Solar concentrators can be divided into two categories according to the different forms of concentrating:
The first type is the refractive concentrator system. The advantage is that there are many degrees of freedom in optical design, and it can solve the problem of greater sensitivity to the incident angle of light, the manufacturing difficulty is not high, and the cost is low; the disadvantage is that it is easy to produce dispersion. Represented by Fresnel lens.

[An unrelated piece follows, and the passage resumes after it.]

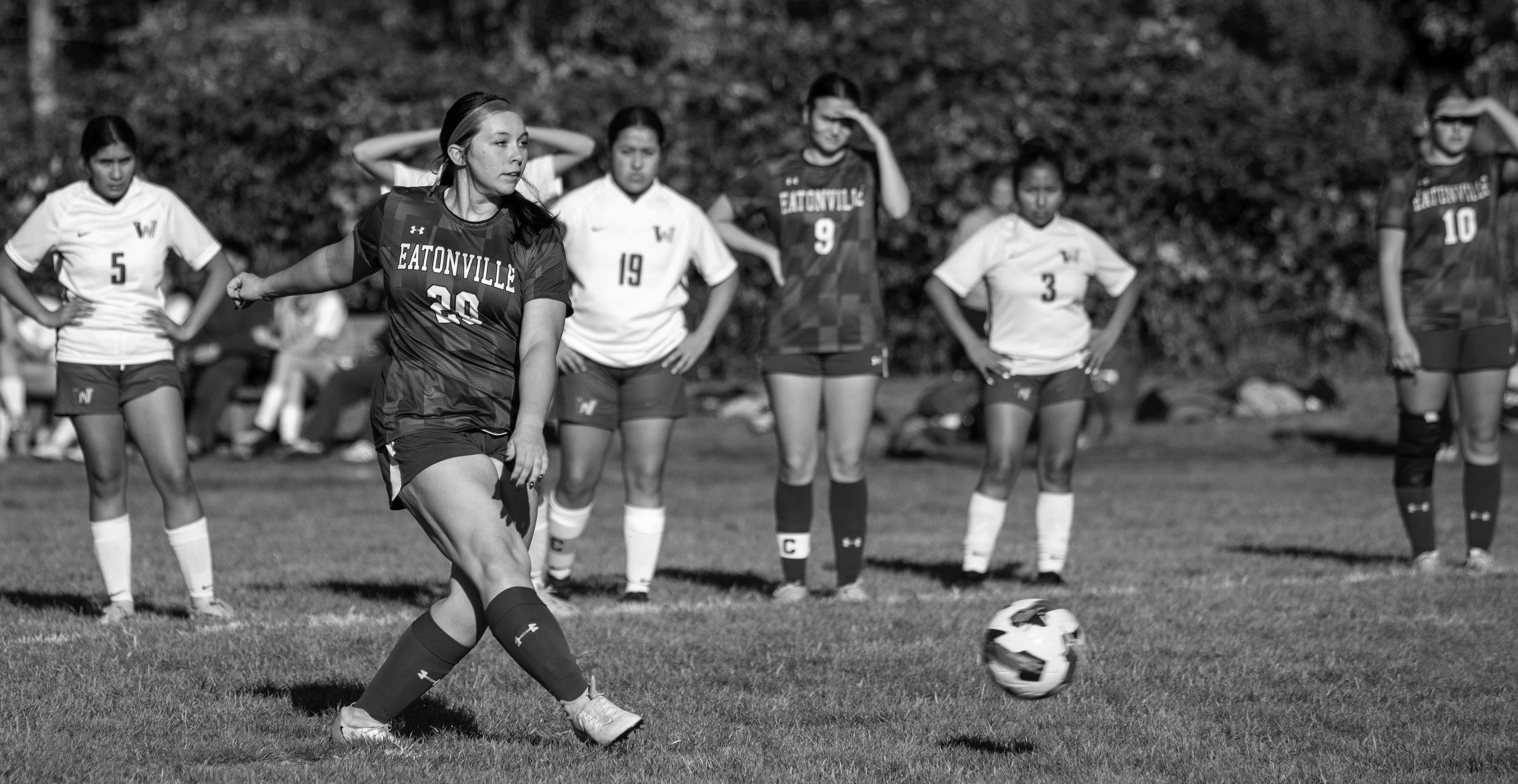 Eatonville's Lucy Allen takes a penalty kick against Washington. Allen would be successful on the kick to help the Cruisers shutout the Patriots 2-0.

The second type is the reflective concentrating system. The advantages are: mature manufacturing technology, low cost, no dispersion, easy optical design, and can be designed into a folded structure, which is conducive to lightening and thinning. For example, “Compound Parabolic Mirror Concentrator” (CPC), which consists of two trough parabolic mirrors, does not need to track the sun, at most only needs to be adjusted slightly according to the season, it can condense light and obtain a higher temperature . In addition, there is a type of condenser used in tower solar power plants – heliostats. Heliostats are composed of many flat or curved mirrors. Under computer control, these mirrors reflect sunlight to the same absorber. The absorber can reach a very high temperature and obtain a large amount of energy. Hybrid concentrators also have applications in photovoltaic systems, one of which utilizes refraction, reflection, and internal reflection. In a thermal photovoltaic concentrator, the sun heats a radiator to a high temperature, and then the radiator emits radiation to the solar cell. The long-wave radiation that cannot be used by the battery is returned to the radiator, which can theoretically achieve high efficiency. Fluorescent concentrators and holographic concentrators are two immature technologies. The disadvantage is that it is sensitive to the incident angle of light, represented by parabolic reflective concentrators.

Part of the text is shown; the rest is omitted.